Over the last decade, Dutch judges have issued rulings with regard to the crimes committed by the Dutch in Indonesia in 1945–1949 in a series of legal cases. The earliest and most famous one, from 2011, dealt with large-scale extrajudicial executions during a Dutch military operation in Rawagedeh in 1947. Interestingly, the judges in that case adopted the thin theory and applied domestic law. They did not invoke arguments of international law at all – without explaining why not – and only cited some rare references to it by the parties in the case. However, they did not accept the argument of the Dutch state that the events of 1947 were time-barred. They recalled that the crimes committed during the massacre were not only deemed unacceptable at the moment of the court case, in 2011, but already at the moment of their occurrence, in 1947. In rejecting the state’s prescription argument with an appeal to humanity, the court implicitly applied the humanity principles of the Martens clause, the Universal Declaration, and the Charter provisions about non-self-governing territories.

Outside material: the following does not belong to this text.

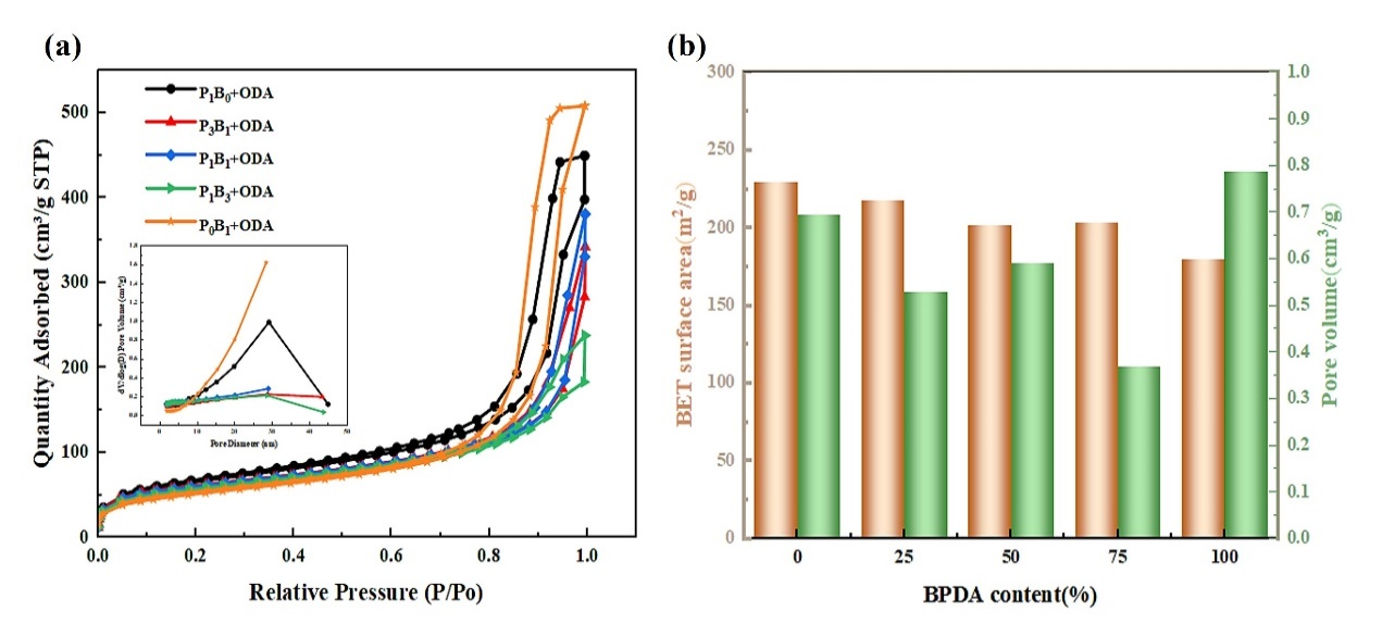 图6. PIAs的BET测试结果:(a)不同二酐单体比例制备的PIAs的孔径分布和比表面积;

In this sense, its judgment constituted a breakthrough for the surviving relatives. After 64 years, compensation was paid to the widows of some of those executed. It was the start of a broader compensation program and it led to official apologies. Thus, even if it largely ignored international law, the court accelerated a process of transitional justice that had been dragging on for decades.


SUGGESTED CITATION  De Baets, Antoon: Police Action or War?: The Applicability of International Law in Indonesia in 1945-1949, VerfBlog, 2022/1/26, https://verfassungsblog.de/police-action-or-war/, DOI: 10.17176/20220126-180232-0.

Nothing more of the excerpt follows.